What happens if you skip the permit (and you needed one)
- Stop-work order plus $500–$1,500 fine from Burton Building Department; the city will require you to pull a permit retroactively and pay double fees on the re-pull.
- Homeowner's insurance claim denial if the deck collapses or causes water damage to the house and the insurer discovers it was unpermitted.
- Mortgage lender or title company will flag the unpermitted deck during refinance or sale, forcing expensive remediation or legal release before closing.
- Neighbor complaint triggers code enforcement; Burton will order removal if the deck violates setback or height rules, costing $2,000–$8,000 to demo.
Burton attached deck permits — the key details
Burton requires a building permit for any deck that is (1) attached to the house, (2) more than 30 inches above finished grade, or (3) larger than 200 square feet.
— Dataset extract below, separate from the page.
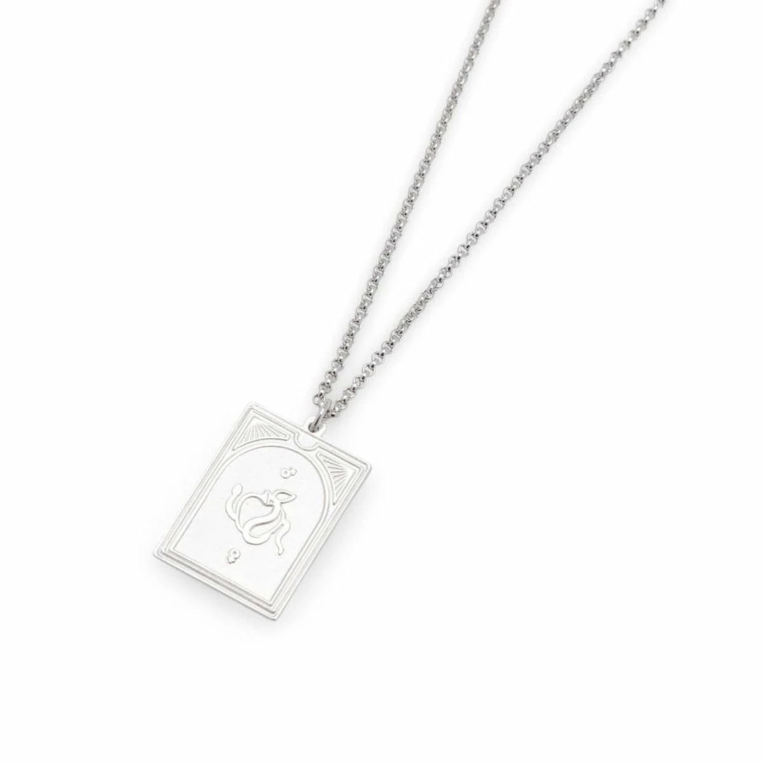The Tarot Lovers Pendant is a mini dog-tag necklace with a modernized and simplified tarot card. The necklace is made of high quality 925 sterling silver and comes with a delicate 21.5” rolo chain including our branded logo tag.
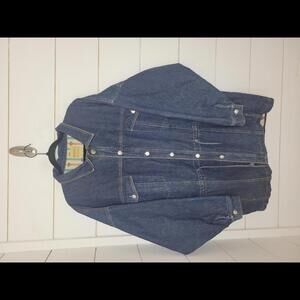 VINTAGE 90s Hip Hop Michael Sloane large long denim jacket with tied accents

The exemption in the International Building Code Section R105.2 covers only freestanding, single-story decks under 200 square feet and under 30 inches high — the moment you bolt a ledger to your rim board or push the height past 30 inches, you cross the permit threshold. The City of Burton Building Department enforces the 2015 IBC (verify current adoption at City Hall) and requires a set of stamped plans for review: deck framing plan (with ledger detail), footing layout with frost-depth calculations, railing/guardrail details, and stair/landing dimensions if applicable. The review timeline is 2–3 weeks for a standard single-family residential deck, but if the reviewer finds flashing non-compliance or footing depth errors, you'll get a correction letter requiring resubmission — plan for 4 weeks to be safe. The permit fee is typically $150–$350 depending on the deck's estimated valuation; a 16x12-foot pressure-treated deck valued at $8,000–$12,000 would cost roughly $200–$250 in Burton permit fees.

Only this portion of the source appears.